:: Collected data entries ::

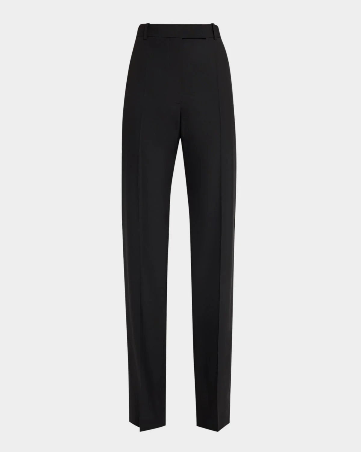 TOM FORD trousers are crafted from wool stretch crepe tailored with pressed creases High rise Flat front Side slip pockets Back buttonwelt pockets Straight legs Full length Hooktab/zip fly; belt loops Silk/nylon/polyamide Made in Italy
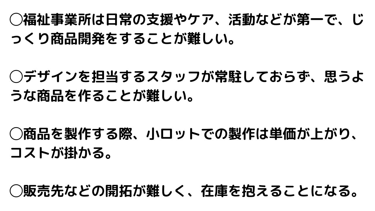 そして何よりも、障害のある方や福祉施設職員、デザイナーやアーティストを結ぶことのできる場にしたいとご相談いただきました。
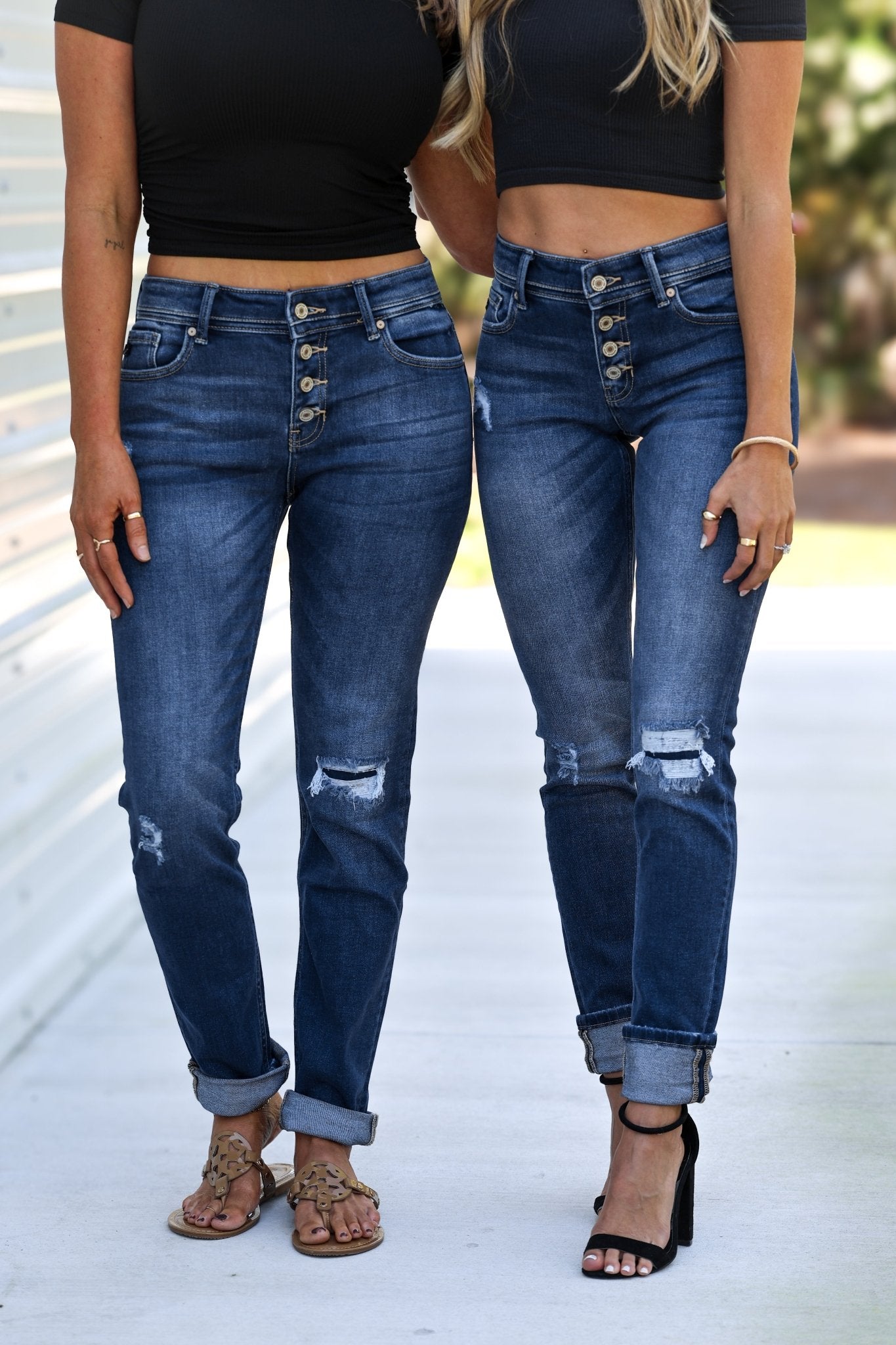 Classic straight denim with a modern touch. KANCAN Eternity Mid Rise Slim Straight Leg Jeans with comfort stretch.
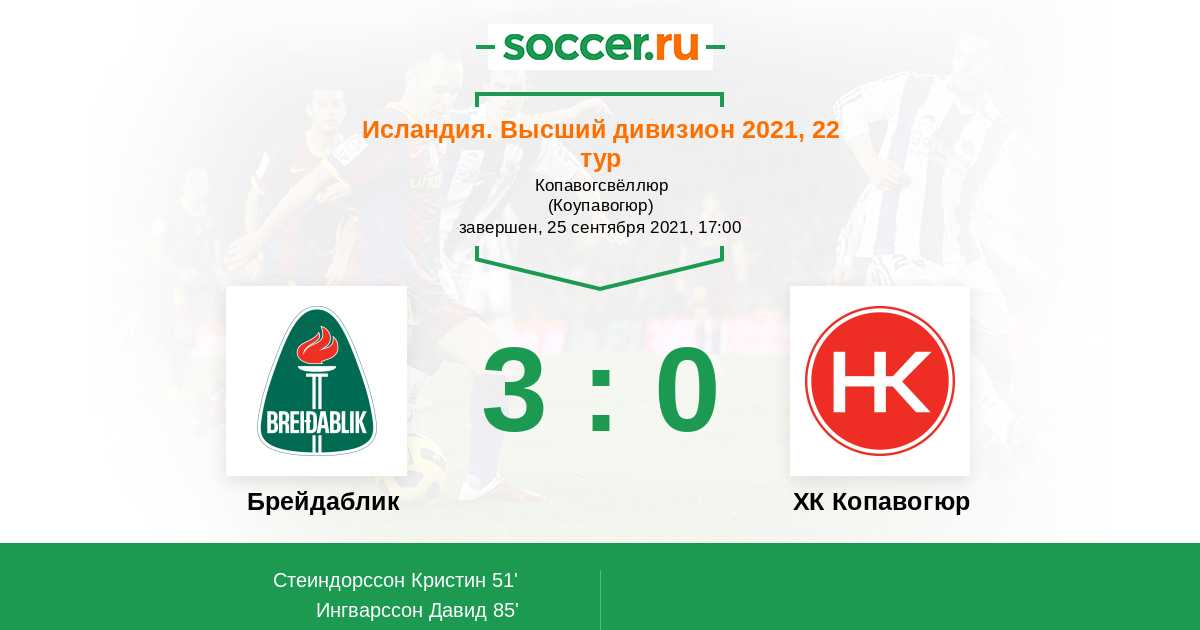 Протокол матча Брейдаблик против ХК Копавогюр
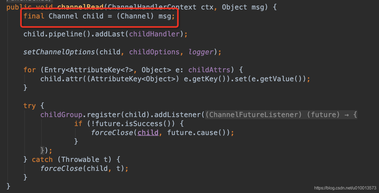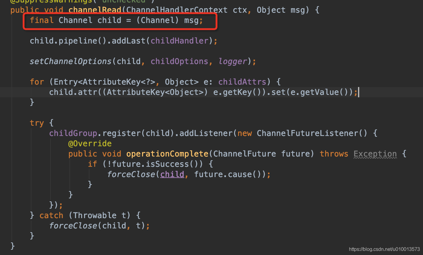 - 故可以在ServerBootstrapAcceptor的channelRead中将msg强制转换为Channel类型。
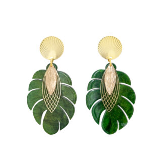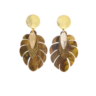 Clips d’oreilles composés d’un support avec effet plissé et d’une feuille de bananier en acétate de cellulose recouverte d’une estampe et d’une navette poncée en laiton doré à l’or fin.
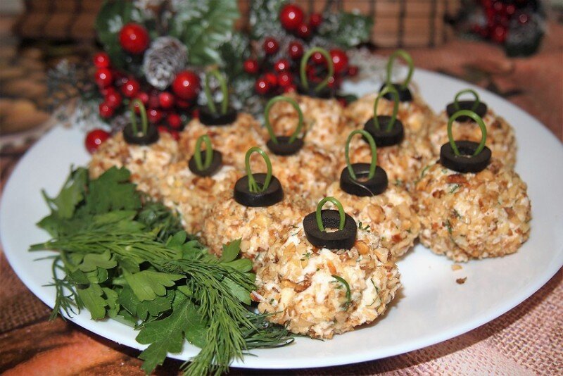 Сегодня приготовим с вами праздничную закуску "Ёлочные шары" на новогодний стол. Нам понадобится : - филе куриной грудки (300 г) - сыр (200 г) - зелень (по вкусу) - грецкие орехи (горсть) - чеснок (по желанию) - майонез (или другой соус по желанию) - оливки Процесс приготовления: Шаг 1 Филе куриной грудки отвариваем в подсоленой воде (15-20 минут) и мелко нарезаем. Сыр трем на мелкой терке. Шаг 2 Зелень мелко режем. Грецкие орехи измельчаем. Шаг 3 Добавляем раздавленный чеснок. Просто смешиваем все компоненты и заправляем майонезом. Шаг 4 Скатываем из полученной массы шарики. Шаг 5 Обваливаем в ореховой крошке, из половинок оливок делаем «крепления», из зелени — петельки. Надеюсь вам понравился рецепт, жду ваших лайков и подписок. А так же пишите в комментарии какие блюда вы хотите увидеть у меня на канале, а что вам уже удалось приготовить по моим рецептам. Буду рада любой активности. Спасибо за внимание!
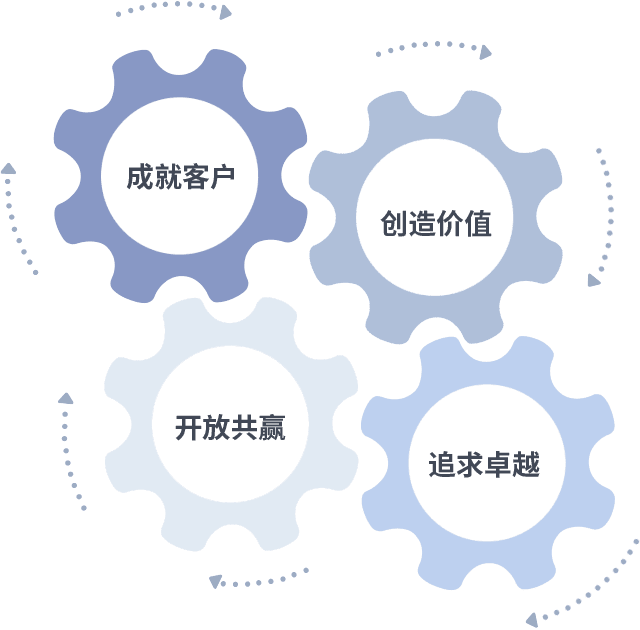 成就客户是一切决策的出发点,,,创造价值是衡量所有工作的标准,,,,追求卓越是我们做事做人的态度,,,开放共赢是我们的格局也是最终的结果。。价值观的齿轮环环相扣,,推动着组织里的每个人不断向前。。

:: Problem description ::
Exactly the lines above from the one that contains "そして何よりも、障害のある方" down to the one that contains "Clips d’oreilles composés" are to be output, both ends kept and pictures omitted.

:: Result of this task ::
 そして何よりも、障害のある方や福祉施設職員、デザイナーやアーティストを結ぶことのできる場にしたいとご相談いただきました。
 Classic straight denim with a modern touch. KANCAN Eternity Mid Rise Slim Straight Leg Jeans with comfort stretch.
 Протокол матча Брейдаблик против ХК Копавогюр
 - 故可以在ServerBootstrapAcceptor的channelRead中将msg强制转换为Channel类型。
 Clips d’oreilles composés d’un support avec effet plissé et d’une feuille de bananier en acétate de cellulose recouverte d’une estampe et d’une navette poncée en laiton doré à l’or fin.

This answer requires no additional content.